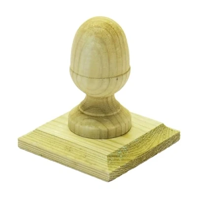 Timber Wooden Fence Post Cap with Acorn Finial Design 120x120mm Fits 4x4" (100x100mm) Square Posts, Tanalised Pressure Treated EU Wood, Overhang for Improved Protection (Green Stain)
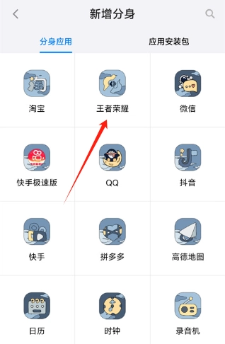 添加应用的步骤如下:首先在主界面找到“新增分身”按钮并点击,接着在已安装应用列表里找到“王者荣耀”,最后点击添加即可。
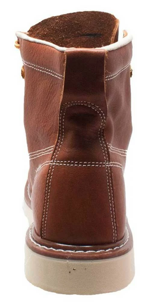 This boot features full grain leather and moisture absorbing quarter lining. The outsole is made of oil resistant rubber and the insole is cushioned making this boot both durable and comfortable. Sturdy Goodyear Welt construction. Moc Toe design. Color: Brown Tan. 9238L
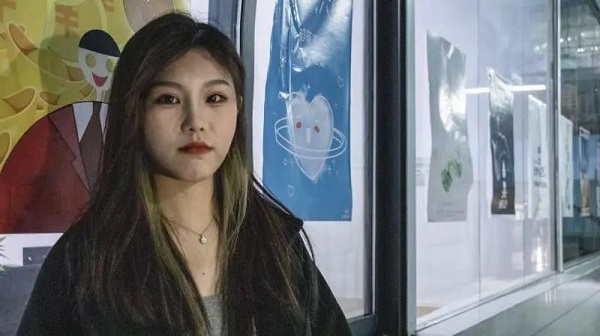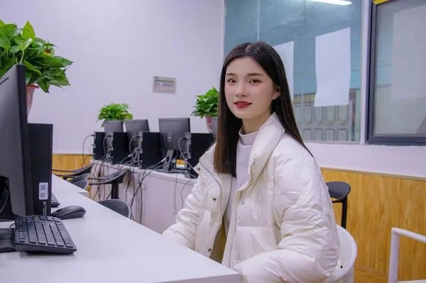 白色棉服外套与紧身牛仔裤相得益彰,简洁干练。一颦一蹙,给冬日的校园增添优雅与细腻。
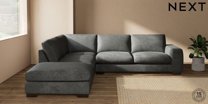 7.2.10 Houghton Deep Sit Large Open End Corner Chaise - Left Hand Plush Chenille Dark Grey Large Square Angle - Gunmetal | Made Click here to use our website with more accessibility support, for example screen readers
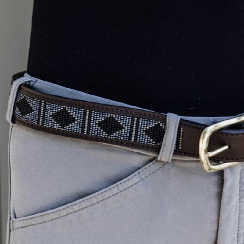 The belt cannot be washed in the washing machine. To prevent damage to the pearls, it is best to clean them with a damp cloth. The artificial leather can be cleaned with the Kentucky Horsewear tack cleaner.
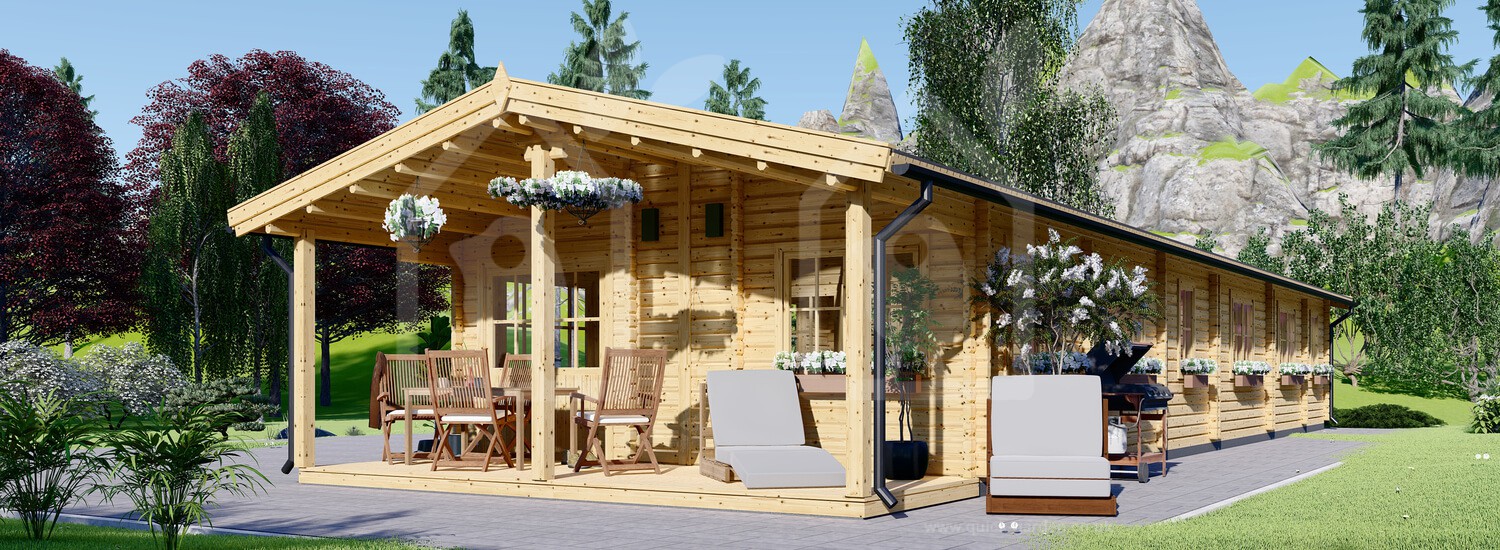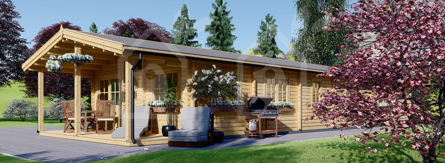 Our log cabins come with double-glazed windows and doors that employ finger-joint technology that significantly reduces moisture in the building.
__________________________________________________
*Task item*. Give the lines again exactly, starting where the entries begin and stopping once the line with "添加应用的步骤如下:首先在主" is included; pictures are not copied.

*Answer*.
 Timber Wooden Fence Post Cap with Acorn Finial Design 120x120mm Fits 4x4" (100x100mm) Square Posts, Tanalised Pressure Treated EU Wood, Overhang for Improved Protection (Green Stain)
 添加应用的步骤如下:首先在主界面找到“新增分身”按钮并点击,接着在已安装应用列表里找到“王者荣耀”,最后点击添加即可。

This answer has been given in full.